Open Secret—Trans Pacific Partnership Terms Revealed But Trade Secret Provisions Still Murky
This morning the Obama administration publicly released the previously-undisclosed text of the Trans Pacific Partnership, or TPP, revealing, among other things, the provisions related to trade secrets that had previously been discussed here. As noted in that earlier piece, the administration had said that the TPP would “provide strong enforcement systems, including, for example, civil procedures, provisional measures, border measures, and criminal procedures and penalties for commercial-scale trademark counterfeiting and copyright or related rights piracy. In particular, TPP Parties will provide the legal means to prevent the misappropriation of trade secrets, and establish criminal procedures and penalties for trade secret theft, including by means of cyber-theft…,” according to the statement from Office of the United States Trade Representative (“USTR”). The just released terms do specify that member parties must provide criminal procedures to combat trade secret theft, but it is not clear that any enhanced civil remedies will be required.
Chapter 18, at Article 18.78, addresses trade secret protections, and requires each member country to assure that “persons have the legal means to prevent trade secrets lawfully in their control from being disclosed to, acquired by, or used by others (including state-owned enterprises) without their consent in a manner contrary to honest commercial practices.” Article 18.78.1. The TPP then defines “a manner contrary to honest commercial practices” to mean “at least practices such as breach of contract, breach of confidence and inducement to breach, and includes the acquisition of undisclosed information by third parties that knew, or were grossly negligent in failing to know, that those practices were involved in the acquisition.” That article then goes on to state in Article 18.78.2 that “each Party shall provide for criminal procedures and penalties (emphasis added) for one or more of the following:
the unauthorised and wilful access to a trade secret held in a computer system;
the unauthorised and wilful misappropriation of a trade secret, including by means of a computer system; or
the fraudulent disclosure, or alternatively, the unauthorised and wilful disclosure, of a trade secret, including by means of a computer system.
While some would have wanted member nations to provide for both criminal and civil remedies so that trade secret owners might have a more direct role in enforcing their rights, the lack of direct mention in this article of civil remedies is not likely the area of greatest concern for such trade owners.
Of greater concern should be the somewhat strange language of Article 18.78.3:
With respect to the relevant acts referred to in paragraph 2, a Party may, as appropriate, limit the availability of its criminal procedures, or limit the level of penalties available, to one or more of the following cases in which:
(a) the acts are for the purposes of commercial advantage or financial gain;
(b) the acts are related to a product or service in national or international commerce;
(c) the acts are intended to injure the owner of such trade secret;
(d) the acts are directed by or for the benefit of or in association with a foreign economic entity; or
(e) the acts are detrimental to a Party’s economic interests, international relations, or national defence or national security. (emphasis added)

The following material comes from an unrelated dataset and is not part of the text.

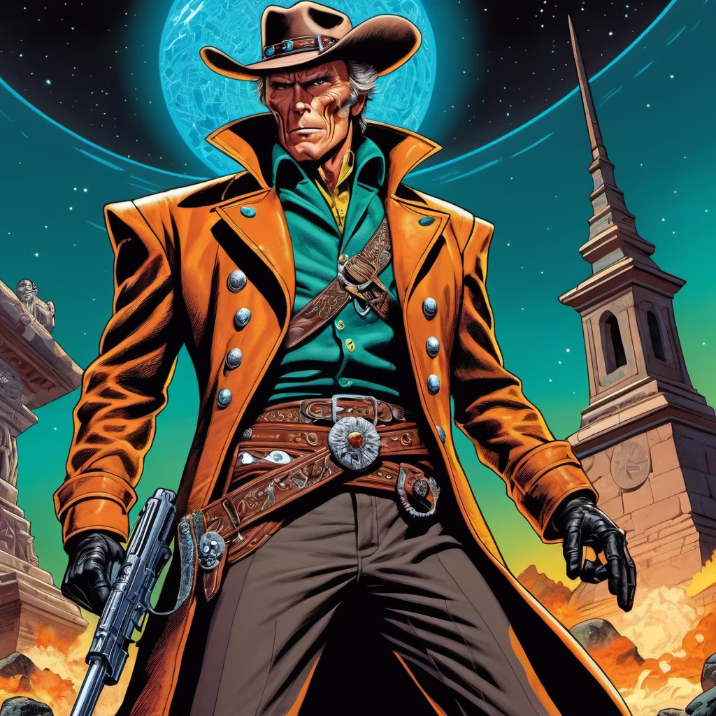 Prompt: 2d cartoon characters, caricatured form, full body head and legs, supervillain space android cowboy Capricorn Kid (Clint Eastwood), holding a revolver in his hand, brutal, shining, flashes, splashes, light rays, halo, glow, against the background of a detailed complex dark evil Western City Tombstone, rage, anger, aggression, ready to take on any opponent with his strength and supernatural abilities, strength, power, cartoon scenes, sci-fi, fantasy, action pose, dnd character, DC Comics style, 70s TV series, vibrant color, high detailed background, high detail, best quality, cartoon, by Jack Kirby, Alex Ross, Giger, Frank Mille, Boris Vallejo

Let’s hope something got lost in the translation or in the printing because, reading section 2 and 3 together, it looks like member countries have to provide procedures addressing unauthorised and wilful access, misappropriation and disclosure unless those acts were undertaken for financial gain in commerce to the intended detriment of the trade secret owner, perhaps in connection with a foreign entity. If that article really means what it says, the TPP has promised nothing regarding trade secrets.